# Local Public School in Vejer de la Frontera?



## islandfamily (Apr 24, 2014)

I have been researching Vejer de la Frontera as a location for our family's Spanish language immersion/adventure. (We are also considering Cadiz city and have looked at other places with fewer foreigners and a lively community). We have heard great things about Vejer de la Frontera in terms of friendliness, relaxing atmosphere, the language schools, culture, food and access to beaches.. We have 2 children- ages 9 + 12. 

Does anyone on this site know anyone at the Colegio Publicos in Vejer de la Frontera? Does anyone know if a 12 1/2 year old can be allowed to attend a Primary school. (I understand that he is almost too old, but he will only be 12 1/2 in September.) We would like our 12 year old to attend Primary school with our 9 year old - in order to make friends and learn the language). We will supplement academics on the side.

The right school is key to our adventure and will dictate where we settle. Any wisdom will be MUCH appreciated! Thank you in advance.


----------



## xabiaxica (Jun 23, 2009)

islandfamily said:


> I have been researching Vejer de la Frontera as a location for our family's Spanish language immersion/adventure. (We are also considering Cadiz city and have looked at other places with fewer foreigners and a lively community). We have heard great things about Vejer de la Frontera in terms of friendliness, relaxing atmosphere, the language schools, culture, food and access to beaches.. We have 2 children- ages 9 + 12.
> 
> Does anyone on this site know anyone at the Colegio Publicos in Vejer de la Frontera? Does anyone know if a 12 1/2 year old can be allowed to attend a Primary school. (I understand that he is almost too old, but he will only be 12 1/2 in September.) We would like our 12 year old to attend Primary school with our 9 year old - in order to make friends and learn the language). We will supplement academics on the side.
> 
> The right school is key to our adventure and will dictate where we settle. Any wisdom will be MUCH appreciated! Thank you in advance.


I'm a very long way from there, so can't comment on the area or the schools


however - as far as your older child attending primary school - if he will be 12 1/2 in September he was born in 2002?

in that case he would be age-appropriate for starting 1st year of secondary school in September

that said - it's not at all unusual for children to repeat years in the Spanish system - & the last year of primary is quite a common one to be repeated, so it's likely that the school would be very open to your child attending primary & your son would probably find others his age in the class

I probably wouldn't mention that you'll only be here a year though............. some schools aren't too supportive of foreign kids - & if they know that it's not a long term thing they might not go the extra mile to help with extra support

I imagine you have the visa situation under control?


----------



## islandfamily (Apr 24, 2014)

Thank You, Super Moderator! Yes, 2002.

It is wonderful to hear solid news from someone on the ground. So Much appreciated!
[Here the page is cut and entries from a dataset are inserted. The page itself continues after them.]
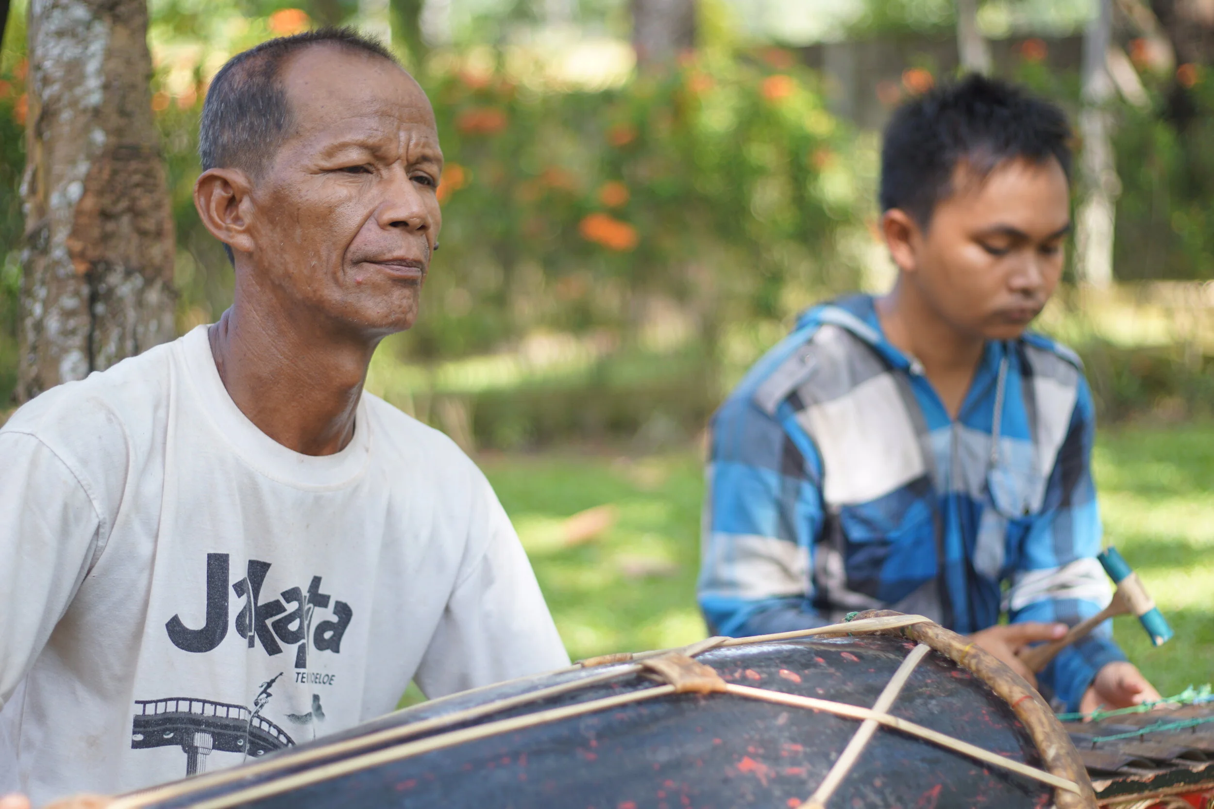 And then there’s gamalan, a pared-down take on that ancient Javanese import. As my friend, Banjarese ethnomusicologist Novyandi Saputra, explained, the instrumentation of Dayak Halong gamalan is pretty minimalistic compared to its Banjarese counterpart. While gamalan Banjar is fleshed out with fundamental Javanese-inspired instruments like dawu (similar to Javanese bonang) and kanong (equivalent to Javanese kenong), Dayak Halong gamalan is simplified enough to be played by just five musicians: one playing two large hanging gongs or agung, one (or two) playing the seven-keyed metallophone called sarun, one playing the double-headed barrel drum called babun, and one manning the sixteen-keyed gambang xylophone.
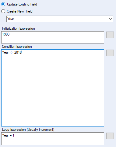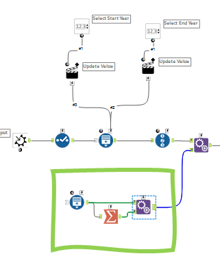 This macro relies on the user having a Year column this will get updated with the years that the end-user has from the interface tool, where they can select their start and end year. The generate rows tool will create the years from the start year - the end year with this loop expression. The start year and end year is updated through the two numeric up and down interface tools that are connected to the generate rows tool:
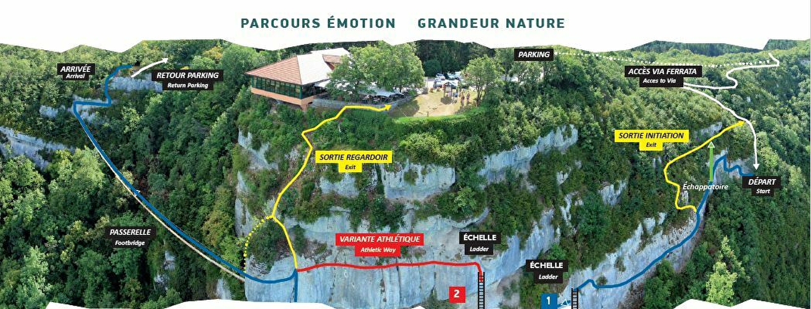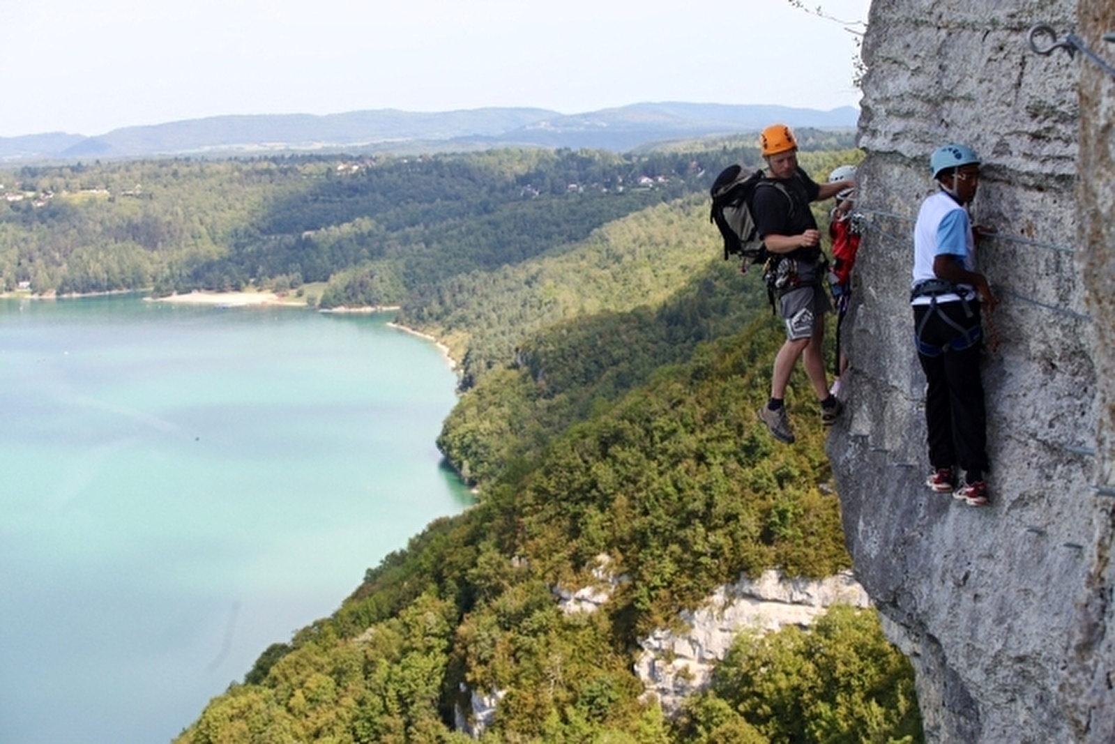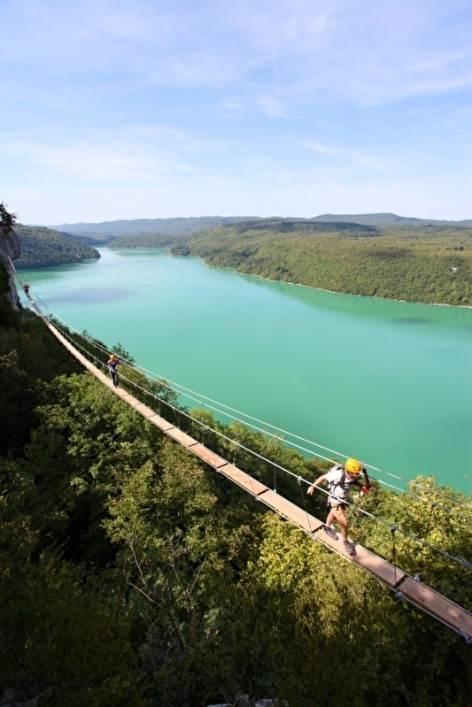 Via Ferrata de niveau AD (assez difficile) à D (difficile) (selon les variantes empruntées). Vous y trouverez une passerelle, deux échelles et un pont de singe. Longue de 350m, la via ferrata saura ravir les plus expérimentés par des variantes sportives, mais aussi les amoureux de la nature avec une passerelle de 90m surplombant le lac de Vouglans.

Yes, Visas are in process for the next few months.


----------



## Alcalaina (Aug 6, 2010)

If you have the choice I would strongly suggest you live in Cádiz city, where there is a much wider variety of schools and a thriving international community. Vejer is very pretty but is really more of a holiday location, it is pretty dead in the winter. Cádiz is alive all year round!

BTW the beaches in Cadiz city are just as good and right on your doorstep. You wouldn't even need a car, because the public transport is excellent. Vejer is like an "island" on the top of a hill and to get anywhere else you'd have to drive.


----------



## islandfamily (Apr 24, 2014)

Thanks Alcalaina!

We are very interested in Cadiz City (for the reasons you mentioned) but wonder if we can still find the calm and space that we want for this break? Are there neighborhoods within the city that are intimate? Like, say, a village within a city?

What do you think of Conil de la Frontera? Something in between the two?

Thank you for anything info you can share!


----------



## Alcalaina (Aug 6, 2010)

islandfamily said:


> Thanks Alcalaina!
> 
> We are very interested in Cadiz City (for the reasons you mentioned) but wonder if we can still find the calm and space that we want for this break? Are there neighborhoods within the city that are intimate? Like, say, a village within a city?
> 
> ...


I'm not sure there are any "calm" areas of the city but a couple of people on here do actually live there and they are better placed to answer.

Conil is a nice little community with some lovely beaches, but it is party-land in the summer months. Don't know about schools. Again it's a bit cut off if you want to use public transport. Have you looked at Chiclana?


----------